Golden in Fresno, CA shelter
RILEY 45369531
https://www.ccspca.com/adopt-a-dog/?id=45369531
Breed Retriever, Golden
Age 2 Years
Gender Male
Size Large
Intake Date 08/24/2020
Animal Center
559-233-7722
103 S. Hughes Ave
Fresno, CA 93706
559-233-7722 ext.116
[email protected]


----------



## Peri29 (Aug 5, 2017)

Riley seems to break records with adoption candidates... On hold


----------



## 4goldengirls (Jun 10, 2014)

So glad.... I've been seeing so many goldens in shelters lately.


----------



## Peri29 (Aug 5, 2017)

Economy is bad and the social media created golden retriever craze.Still a question mark why they did not opt to surrender to a GR rescue but to a shelter tells us though a lot on his ex-owners.


----------



## mylissyk (Feb 25, 2007)

Peri29 said:


> Economy is bad and the social media created golden retriever craze.Still a question mark why they did not opt to surrender to a GR rescue but to a shelter tells us though a lot on his ex-owners.

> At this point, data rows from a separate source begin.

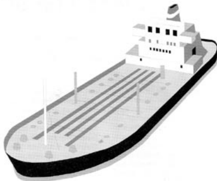
Alla skulle tjäna på en fortsatt liberalisering av världshandeln

"Grupper från extremvänster, extremhöger, miljörelsen, fackföreningar och vissa, självutnämnda representanter för det civila samhället samlas runt ett gemensamt mål: att rädda utvecklingsländerna från – utveckling".
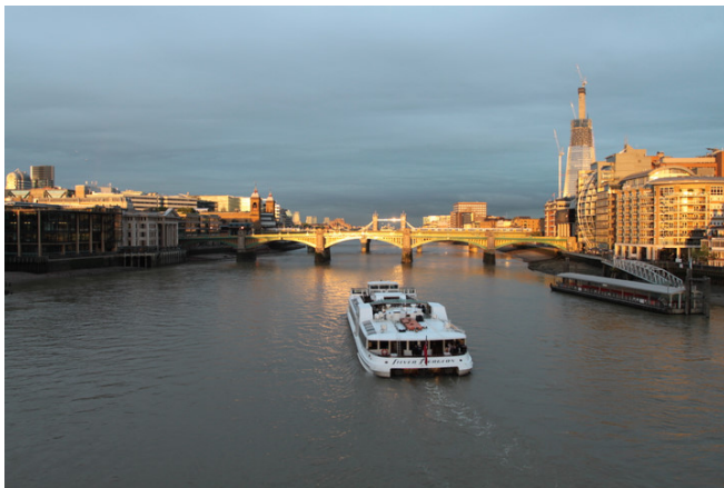
泰晤士河畔，陽光引領著方向。
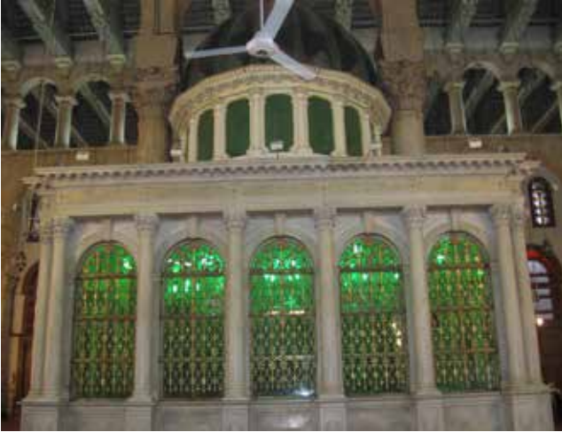
Şam, Hz. Yahya
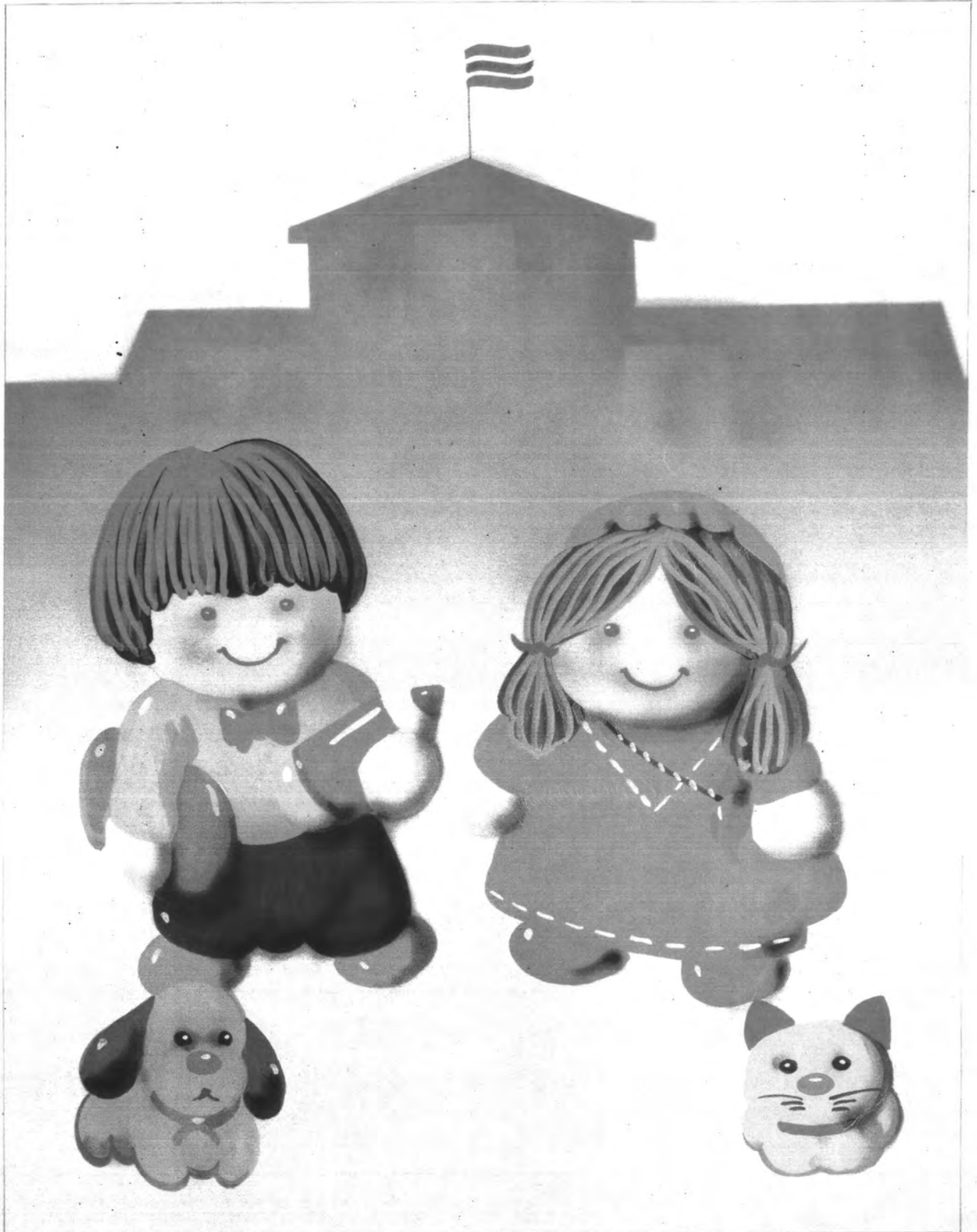
รูปแบบภาพเหมือนจริง ใช้สีวรรณะอุ่น องค์ประกอบภาพแบบสมดุลย์ เขียนโดยผู้กัน
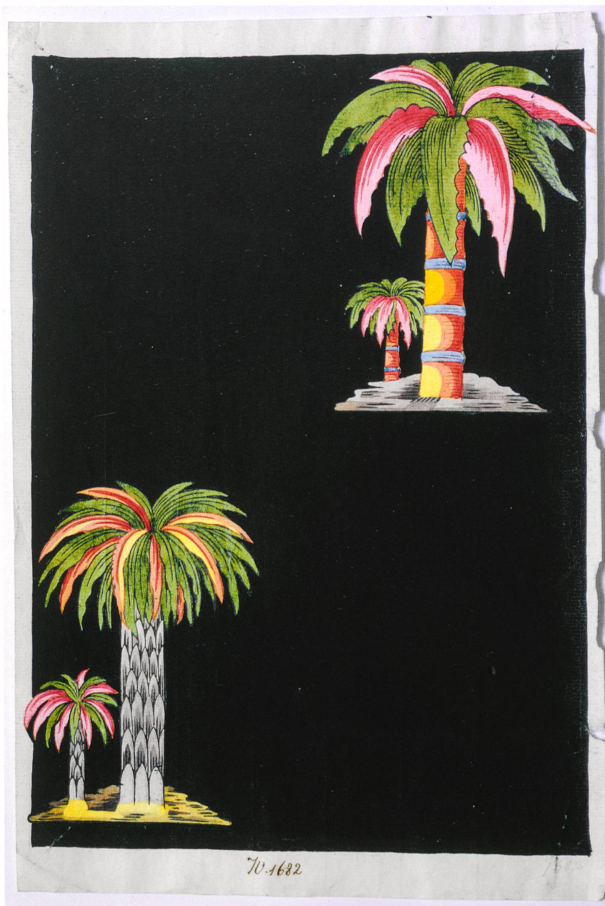
Fig. 3 : Palmettes sur fond noir, vers 1800, aquarelle sur papier, numéroté « n° 1682 »

Les diverses utilisations des indiennes sont bien connues : il s'agit surtout des secteurs de l'habillement et de l'ameublement. Les toiles de coton aux couleurs vives et aux petits motifs végétaux ou abstraits sont en effet très prisées pour les robes et les manteaux. Dans les intérieurs, leur usage est varié mais il n'est pas uniquement cantonné aux pièces secondaires comme on pourrait le penser de prime abord, même si les appartements de réception sont généralement traités dans des étoffes jugées sans doute plus nobles et moins sujettes au goût. Au château de Prangins, en 1786, le grand salon est ainsi ►
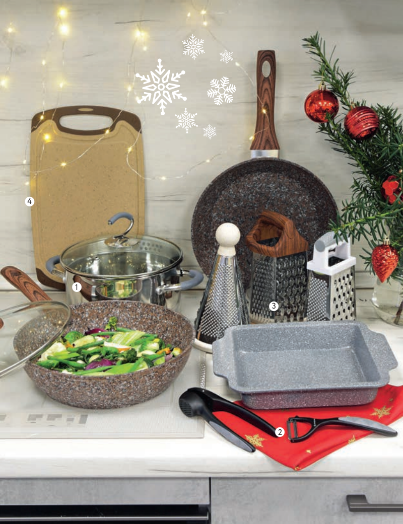
1. Кастриюла с крышкой Grey Swan, 2-5 л** – от 1699.00/от 999.00 2. Кухонные инструменты Crystal** – от 279.00/от 179.99 3. Терка Stone – 199.99/129.99, Терка Grano Soft – 299.00/199.99, Терка Wood – 399.00/249.00 4. Доска разделочная Vermont** – от 299.00/от 199.99

You would be surprised how many people have no idea there is such a thing as "rescue", and even more people that think rescue is somehow a bad thing and refuse to turn their dog over to one. Glad he has adoption interest at the shelter though, and I hope he goes to a good home.


----------



## Peri29 (Aug 5, 2017)

mylissyk said:


> You would be surprised how many people have no idea there is such a thing as "rescue", and even more people that think rescue is somehow a bad thing and refuse to turn their dog over to one. Glad he has adoption interest at the shelter though, and I hope he goes to a good home.


Therefore it is very important for rescues to share before & after pictures with intervals.


----------